Francas o resentidas
oraciones: del fondo
de una caverna surgen
liberados esclavos,
murmuradores. Vieja
cornucopia la voz.
Palabras como cuerdas
que rozo, que devuelven
armónicos que nunca
dominaré del todo.
(Violín que dejo escrito;
arco de los demás.)
Y sí: poquita cosa
era la poesía.
¿Te acordás? La profunda
emoción que sentiste
al leer tal historia...
El amor a los libros
que tu madre traía
del Centro, esos usados,
desmesurado amor...
Y poco más, ¿no cierto?
Lo de Handke, la Musa
que le dice que apenas
una voz, sus palabras
--esas menesterosas--,
es el poema: voz
como la de cualquiera,
pero tuya.
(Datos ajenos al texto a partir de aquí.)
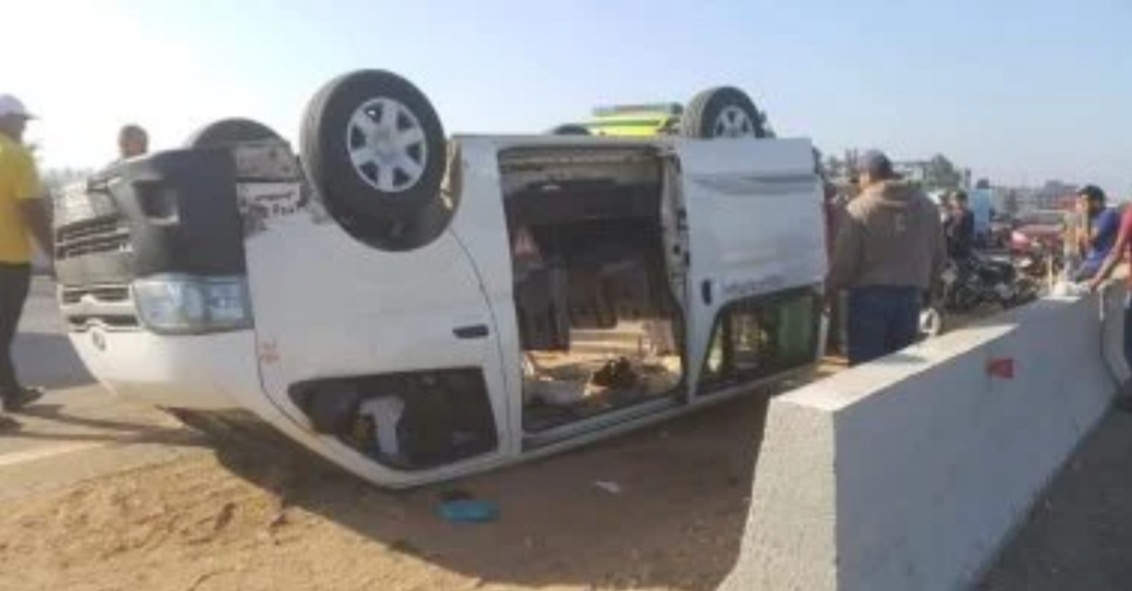 أصيب 7 أشخاص بسحجات وكدمات وكسور متفرقة في أنحاء الجسم، إثر حادث انقلاب ميكروباص أعلى الطريق الأوسطي.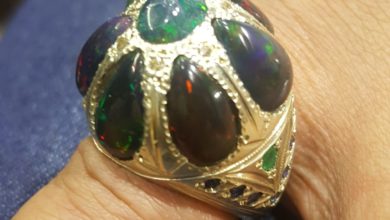 خاتم فضة 925 مع روديوم متوج ب 7 احجار اوبال للطلب الخاص|0096181323265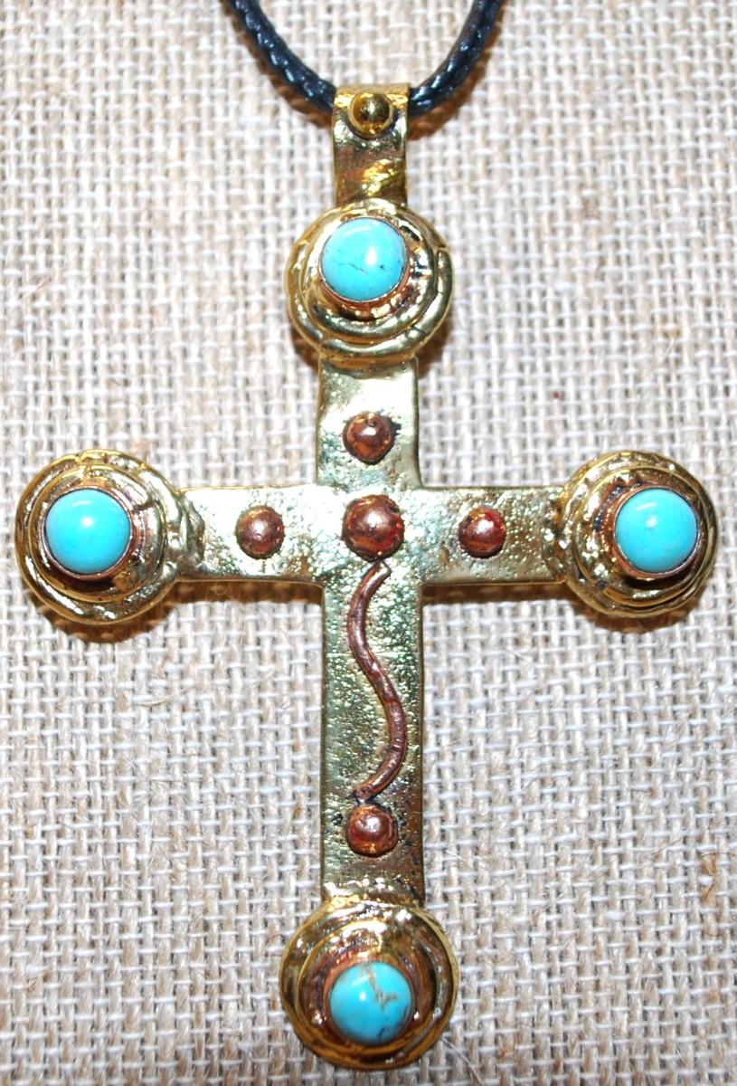 Shiny Gold Tone Cross PENDANT (3" x 2¼") with 4 Jade Style Globes on a Black Rope Necklace Chain 18"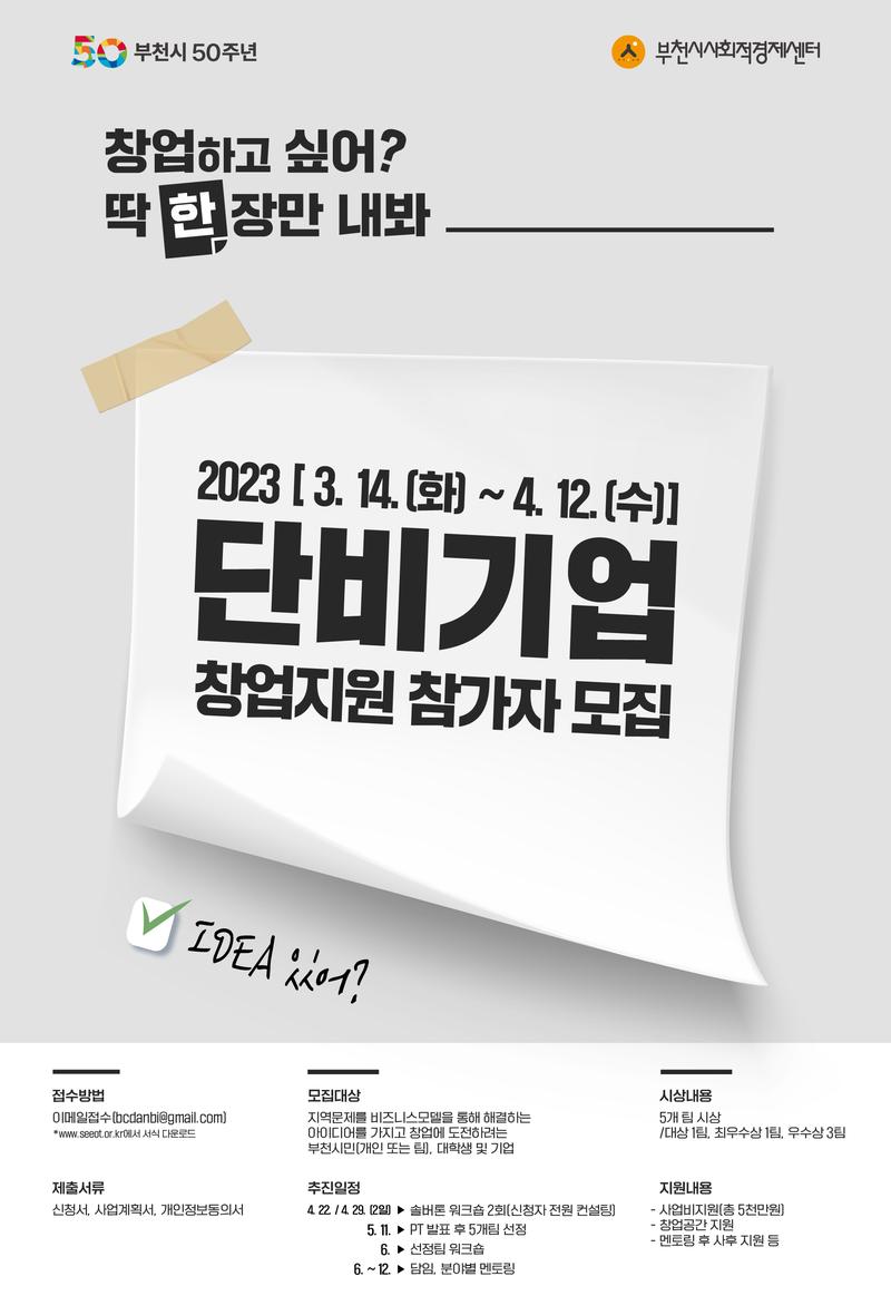 2023년 부천단비기업 창업지원사업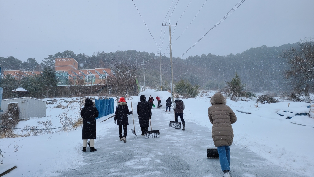 비상시를 대비하여 빌라 직원 모두 힘을 합쳐 길을 내었습니다.

Y quisiste
ser eso: vos: abrir
la boca, balbucear
un poco de lo tuyo
en el papel... Palabras,
nada más que palabras.
Como las de tu madre,
a fin de mes --y duelen,
y te callás--: "¿te queda
aún dinero?". Como
las de cualquiera, cuando
te conoce y pregunta
a qué te dedicás.
Ahora que las pulgas se retractan y duermen
y que los alces, duchos en consumir las aguas
leteas, se empecinan en remedar mis modos,
tranquilos y pausados como viejos alfanjes,
yo silbo un estribillo de dunas o de insectos
y me calzo diademas que monjes aprontaron.
Y los álamos gordos se distienden sin gracia,
y los perros de jade ladran impunemente
en medio de un fonema que, lejos de lucir,
supura una oración de retoños sin dueño
que, a medida que el numen de los cuatro suplicios
en que jugué se esboza, desacomoda rostros.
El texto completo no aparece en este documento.